— Problem description —
In the entries that follow, find the line containing "选中名片前边所有编辑部分,按" and the line containing "第六屆全國醫藥粉體制備及物性", then copy exactly everything from the first through the second except the pictures.

— Entries supplied —
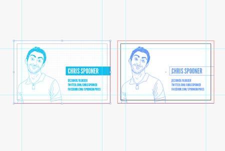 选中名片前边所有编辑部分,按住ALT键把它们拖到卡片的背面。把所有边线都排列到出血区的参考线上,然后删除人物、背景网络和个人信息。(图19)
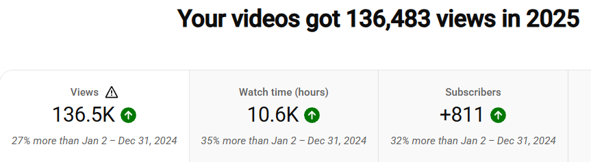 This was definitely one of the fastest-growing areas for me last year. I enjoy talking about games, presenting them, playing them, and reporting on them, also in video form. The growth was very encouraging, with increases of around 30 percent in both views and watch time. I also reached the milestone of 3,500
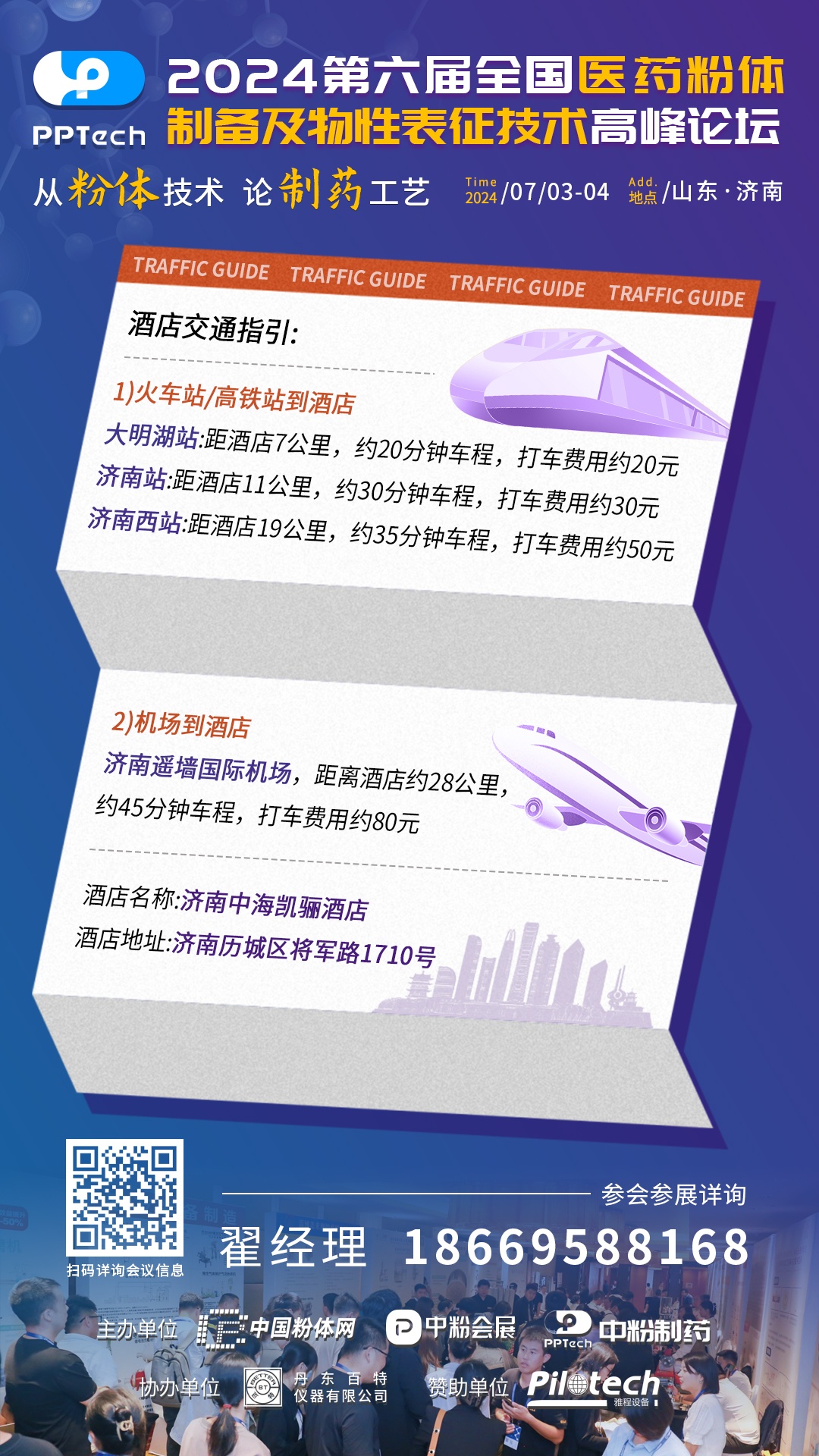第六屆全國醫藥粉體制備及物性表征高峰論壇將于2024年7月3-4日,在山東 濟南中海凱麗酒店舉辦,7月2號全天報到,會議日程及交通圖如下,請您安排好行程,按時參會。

* * *

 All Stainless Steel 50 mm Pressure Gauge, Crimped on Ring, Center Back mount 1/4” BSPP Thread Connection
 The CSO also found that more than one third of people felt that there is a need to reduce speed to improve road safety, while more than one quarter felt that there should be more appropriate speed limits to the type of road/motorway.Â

...

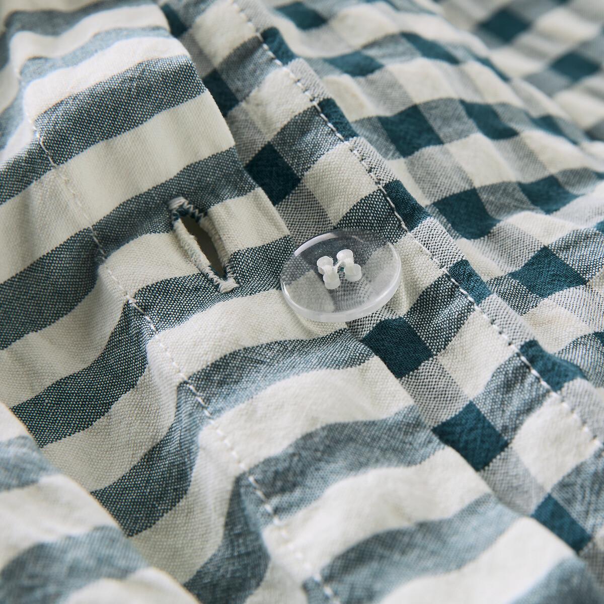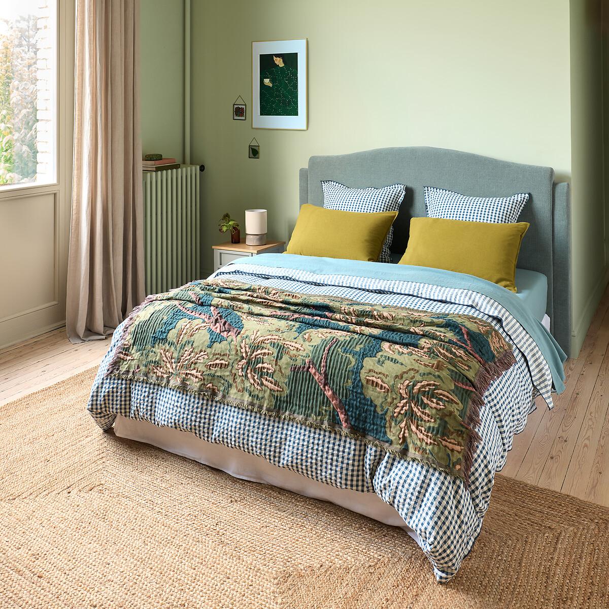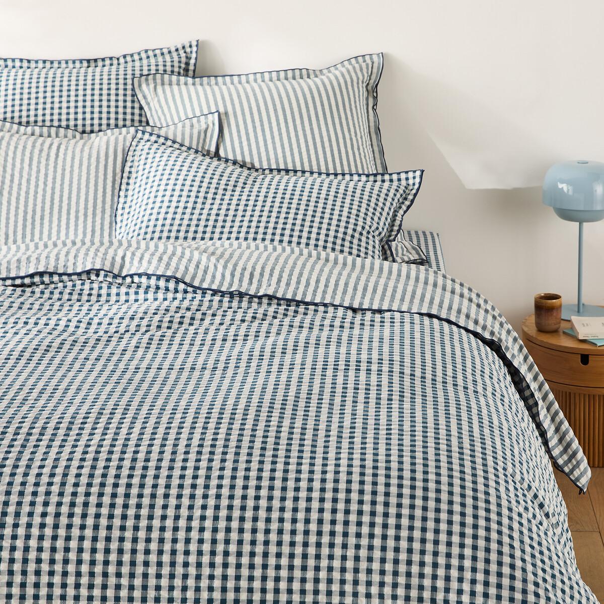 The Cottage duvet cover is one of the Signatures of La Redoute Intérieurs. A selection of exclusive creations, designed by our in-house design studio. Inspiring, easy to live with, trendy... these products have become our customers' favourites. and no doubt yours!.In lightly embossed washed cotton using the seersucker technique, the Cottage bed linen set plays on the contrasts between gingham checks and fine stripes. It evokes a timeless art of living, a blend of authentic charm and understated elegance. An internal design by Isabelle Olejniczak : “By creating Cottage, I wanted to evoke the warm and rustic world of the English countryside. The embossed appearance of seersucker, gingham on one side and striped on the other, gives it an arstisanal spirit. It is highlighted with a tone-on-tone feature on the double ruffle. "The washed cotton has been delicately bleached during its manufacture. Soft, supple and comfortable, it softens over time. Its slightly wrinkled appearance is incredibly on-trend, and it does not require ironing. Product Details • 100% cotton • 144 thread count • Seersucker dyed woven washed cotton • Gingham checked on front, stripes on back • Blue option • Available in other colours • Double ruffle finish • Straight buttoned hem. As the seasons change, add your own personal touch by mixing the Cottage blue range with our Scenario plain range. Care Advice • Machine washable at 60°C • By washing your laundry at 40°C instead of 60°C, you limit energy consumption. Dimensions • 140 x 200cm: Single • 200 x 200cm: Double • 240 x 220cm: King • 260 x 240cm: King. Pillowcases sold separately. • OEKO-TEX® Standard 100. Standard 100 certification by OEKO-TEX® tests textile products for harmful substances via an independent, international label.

— Answer to the exercise —
 选中名片前边所有编辑部分,按住ALT键把它们拖到卡片的背面。把所有边线都排列到出血区的参考线上,然后删除人物、背景网络和个人信息。(图19)
 This was definitely one of the fastest-growing areas for me last year. I enjoy talking about games, presenting them, playing them, and reporting on them, also in video form. The growth was very encouraging, with increases of around 30 percent in both views and watch time. I also reached the milestone of 3,500
第六屆全國醫藥粉體制備及物性表征高峰論壇將于2024年7月3-4日,在山東 濟南中海凱麗酒店舉辦,7月2號全天報到,會議日程及交通圖如下,請您安排好行程,按時參會。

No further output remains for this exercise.